Première observation, « les candidats ont bien compris le nouveau rôle confié aux régions en matière de transport qui recouvre notamment les schémas régionaux, les services réguliers non urbains ou le transport scolaire », estime Philippe Duron, l’un des deux coprésidents de TDIE.
Avec la constitution de nouvelles régions aux frontières élargies, « la politique régionale va changer d’échelle et de nature », poursuit le député socialiste du Calvados. L’intermodalité devrait notamment se développer.

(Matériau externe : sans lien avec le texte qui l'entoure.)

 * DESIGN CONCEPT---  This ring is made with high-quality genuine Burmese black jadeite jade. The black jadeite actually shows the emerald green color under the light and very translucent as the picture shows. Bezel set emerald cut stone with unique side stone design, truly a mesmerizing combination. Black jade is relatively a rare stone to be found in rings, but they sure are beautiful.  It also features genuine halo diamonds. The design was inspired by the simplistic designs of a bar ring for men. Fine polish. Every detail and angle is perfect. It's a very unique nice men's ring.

Et l’on constate déjà « un certain retour de la route dans le discours de politique régional ».
Un consensus se dessine aussi « sur la nécessité d’entretenir et de moderniser les infrastructures existantes ».

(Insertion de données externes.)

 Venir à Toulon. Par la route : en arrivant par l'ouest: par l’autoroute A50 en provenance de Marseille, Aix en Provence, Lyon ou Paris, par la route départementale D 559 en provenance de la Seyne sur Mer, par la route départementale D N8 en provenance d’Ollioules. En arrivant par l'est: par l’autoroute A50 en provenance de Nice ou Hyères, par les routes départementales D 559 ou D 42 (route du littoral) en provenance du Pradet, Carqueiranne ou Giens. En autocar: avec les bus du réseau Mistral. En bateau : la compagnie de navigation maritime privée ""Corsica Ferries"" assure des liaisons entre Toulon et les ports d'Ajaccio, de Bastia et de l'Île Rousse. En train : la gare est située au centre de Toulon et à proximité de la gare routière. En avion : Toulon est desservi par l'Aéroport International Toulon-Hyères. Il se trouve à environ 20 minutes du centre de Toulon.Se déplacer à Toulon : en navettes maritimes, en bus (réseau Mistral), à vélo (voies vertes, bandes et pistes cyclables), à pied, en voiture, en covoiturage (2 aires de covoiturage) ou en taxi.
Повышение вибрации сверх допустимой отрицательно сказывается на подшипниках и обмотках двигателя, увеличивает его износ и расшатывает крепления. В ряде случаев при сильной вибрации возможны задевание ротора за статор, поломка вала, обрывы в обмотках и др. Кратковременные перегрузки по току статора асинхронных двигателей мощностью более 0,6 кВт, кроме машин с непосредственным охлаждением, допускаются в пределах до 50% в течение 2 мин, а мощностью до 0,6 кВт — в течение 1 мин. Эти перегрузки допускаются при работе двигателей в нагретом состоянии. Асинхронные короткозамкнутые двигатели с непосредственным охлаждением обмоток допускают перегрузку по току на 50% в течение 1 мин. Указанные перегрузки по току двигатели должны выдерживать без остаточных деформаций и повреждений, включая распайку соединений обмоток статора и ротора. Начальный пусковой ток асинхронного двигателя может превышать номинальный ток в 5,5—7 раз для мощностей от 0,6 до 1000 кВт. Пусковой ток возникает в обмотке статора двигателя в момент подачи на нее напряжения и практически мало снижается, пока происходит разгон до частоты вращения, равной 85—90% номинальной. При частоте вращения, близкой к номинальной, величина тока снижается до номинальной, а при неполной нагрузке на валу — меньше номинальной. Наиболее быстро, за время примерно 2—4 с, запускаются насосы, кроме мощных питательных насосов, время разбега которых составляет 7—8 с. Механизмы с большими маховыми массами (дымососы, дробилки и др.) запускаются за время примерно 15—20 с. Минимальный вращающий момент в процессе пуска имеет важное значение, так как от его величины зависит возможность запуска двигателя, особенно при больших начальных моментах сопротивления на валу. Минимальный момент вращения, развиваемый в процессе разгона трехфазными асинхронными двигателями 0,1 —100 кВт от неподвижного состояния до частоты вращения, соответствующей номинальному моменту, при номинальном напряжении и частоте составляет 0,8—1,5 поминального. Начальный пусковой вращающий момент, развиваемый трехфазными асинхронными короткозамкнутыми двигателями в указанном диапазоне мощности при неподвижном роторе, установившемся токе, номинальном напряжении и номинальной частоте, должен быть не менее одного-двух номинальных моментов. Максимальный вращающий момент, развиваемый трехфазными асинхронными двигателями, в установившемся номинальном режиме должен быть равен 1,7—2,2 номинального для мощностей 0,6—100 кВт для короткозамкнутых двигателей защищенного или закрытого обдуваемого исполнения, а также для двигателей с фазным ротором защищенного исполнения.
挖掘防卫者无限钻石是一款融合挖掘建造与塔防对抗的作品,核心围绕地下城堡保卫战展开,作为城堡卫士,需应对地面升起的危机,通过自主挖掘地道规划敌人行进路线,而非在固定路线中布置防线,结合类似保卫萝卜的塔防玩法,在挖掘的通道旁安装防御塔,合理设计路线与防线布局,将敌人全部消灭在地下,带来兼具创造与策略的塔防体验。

Reste toutefois une grande interrogation posée par tous : comment assurer une recette pérenne pour financer les politiques de mobilité ? « Comme la plupart des candidats ne souhaitent pas augmenter de façon substantielle la part financée par les usagers, ils souhaitent que l’Etat assume son rôle dans ce domaine », indiquent les auteurs de l’étude.

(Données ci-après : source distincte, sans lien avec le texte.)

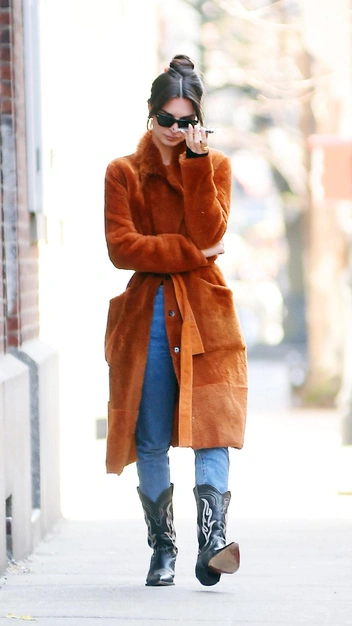 Эмили Ратаковски точно знает лучшие винтажные магазины Нью-Йорка, потому что найти стильные ковбойские сапоги в обычной жизни нелегко. К ним звезда подобрала узкие голубые джинсы и завершила выход свободной меховой шубой с накладными карманами в насыщенном оранжевой цвете. Обратите внимание и на аксессуары: солнцезащитные очки и лаконичные серьги-кольца — ничего лишнего.

Enfin, au chapitre ferroviaire, beaucoup évoquent « l’insatisfaction des usagers. Dans la plupart des régions, les candidats souhaitent revoir les modalités de la relation avec la SNCF. Ils souhaitent un rééquilibrage des termes des contrats », affirme Philippe Duron. Selon le député, ceux qui arriveront aux commandes des régions souhaiteront peser sur les coûts du ferroviaire et voudront négocier des clauses sur la productivité à mettre en œuvre par l’entreprise. Beaucoup souhaiteraient aussi augmenter le niveau de pénalités en cas de manquement de la part de la SNCF. Enfin, TDIE a relevé un souhait assez général selon lequel les directions régionales de la SNCF devraient disposer d’une plus grande autonomie. Toutefois, nuance Philippe Duron, toutes ces critiques ne sont pas un révélateur du souhait « d’aller vers la concurrence ». Si certains élus en campagne se sont dits favorables à une expérimentation dans ce domaine, « les candidats font avant tout preuve de pragmatisme et ne souhaitent pas le big bang ». Ils réclament une meilleure cohérence des services TER et TET et un meilleur accompagnement de la part de l’Etat pour le financer.
M.-H. P.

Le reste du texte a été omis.